Insufficient height and width of the alveolar ridge at the implant site remains with inadequate bone volume following extraction in older age people especially in postmenopausal women. Postmenopausal women are susceptible to primary osteoporosis where more bone resorption than formation is seen resulting in decreased bone mass. Hence the present study aims to evaluate the zygomatic bone region for placement of quad zygomatic implants using CBCT.: A total of 120 CBCT images of female patients who were between the age group of 45 yrs to 65 yrs were taken.

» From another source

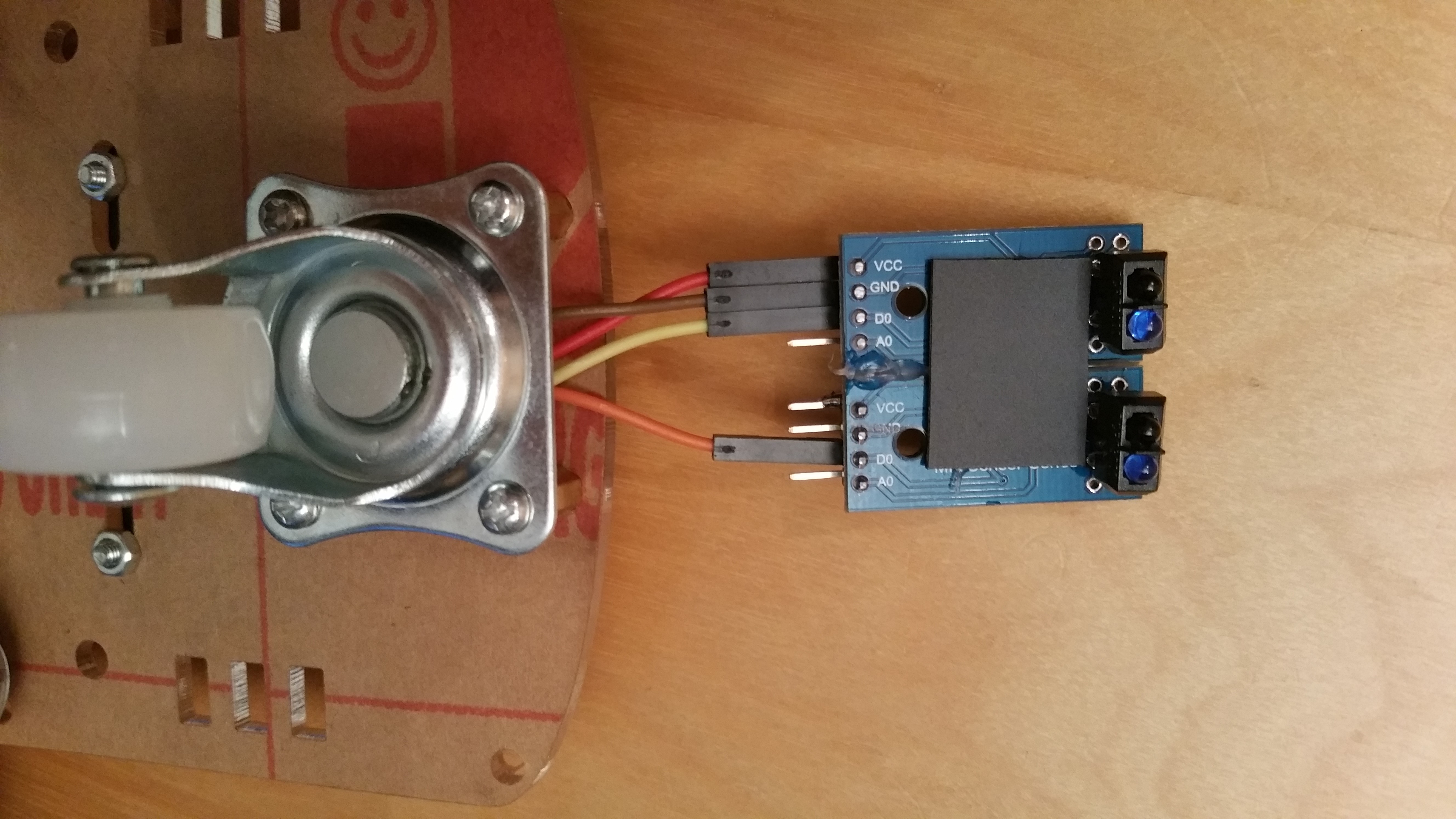 Before we attach the sensors, it is advisable to connect them: To do this, I attached both to each other on the sides with a little hot glue. After this has dried, I soldered the two VCC and GND pins to each other with a wire so that fewer cables are required. After attaching the jumper cables, I glued the assembled modules to the front wheel of the body with more hot glue. It is important that the distance to the ground is not too great. You should test the perfect height before attaching it (I fit exactly one finger underneath).

The zygomatic bone was evaluated for pneumatisation zones and thickness of zygomatic bone at three different regions i.e., superior, middle and inferior at nine points on zygoma bone along with bone to implant contact (BIC) region using virtual software. The largest thickness in the superior, middle and inferior regions were at Point A2(8.01+/-2.10 mm), Point B2 (7.01+/-1.62 mm), and Point C1 (6.65+/-1.64 mm), respectively. The virtually placed implants at Point A3 (15.92+/-4.16 mm) and Point B2 (12.02+/-3.62 mm) had the highest BICs. : To obtain the largest BICs, results suggested that the posterosuperior region (Point A3) and the centre of zygoma (Point B1) were the optimal places for the placement of quad zygomatic implants.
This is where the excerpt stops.